# Lip balm- First time and a disaster



## Quirefly (Apr 7, 2014)

Hi all,
I am looking for some wisdom here from people with experience.
I have been doing some research and decided on a combination for a lip balm- based on a number of recipes, I decided on 1.5 oz cocoa butter, 1 oz illipe butter, and  2 oz of jojoba. This is based on a recipe that had very good reviews, although I switched out the beeswax for the illipe (as I understand, illipe is a pretty hard butter and it was recommended for balms)

I have been hesitant- but without really any specific reason. Every site and book I read said that lip balm is easy peasy. So I dove in- have the stuff all measured, have my stove top set, and I have my tubes all bound together with rubber bands, waiting to be filled. 

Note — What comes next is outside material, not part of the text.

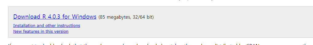 6. Download R 4.0.3 for Window를 클릭합니다 (R의 버전의 따라 뒤 숫자는 변합니다.)

I put the tubes in a small metal measuring cup before I poured- the intention was to prevent the batch from falling over on the counter, but it actually served to catch all of the liquid that leaked out of the bottom of the tubes.  I am so very disappointed at the moment. Not one source I looked at said anything about the possibility of a leak like that, and I am wondering what the heck I did wrong, Every tube except one leaked and I have a huge mess.

I was able to salvage some- when I realized what was going on I transferred what I could into tin trays with the slider lids (that were intended for something else entirely... again!). However, I have a fair bit in the bottom of my measuring cup, and I have 12 tubes that I am not sure what to do with. Can they be washed well enough to use again? 

Sigh. The cosmos was telling me not to do this yet- I should have listened. 

So, if anyone has any advice, suggestions on what went wrong- anything- I would appreciate it. I so wish my first recipe had been a better result. 
boo.


----------



## Lin (Apr 7, 2014)

I would make a recipe with beeswax. It sounds like your balm was too thin and too hot when it was poured, causing the leaking. So for your first batch I wouldn't be attempting to replax a wax with butters alone, especially not into tubes. If you really want to try messing with balms without wax as your first batches I recommend sticking with pots or tins. 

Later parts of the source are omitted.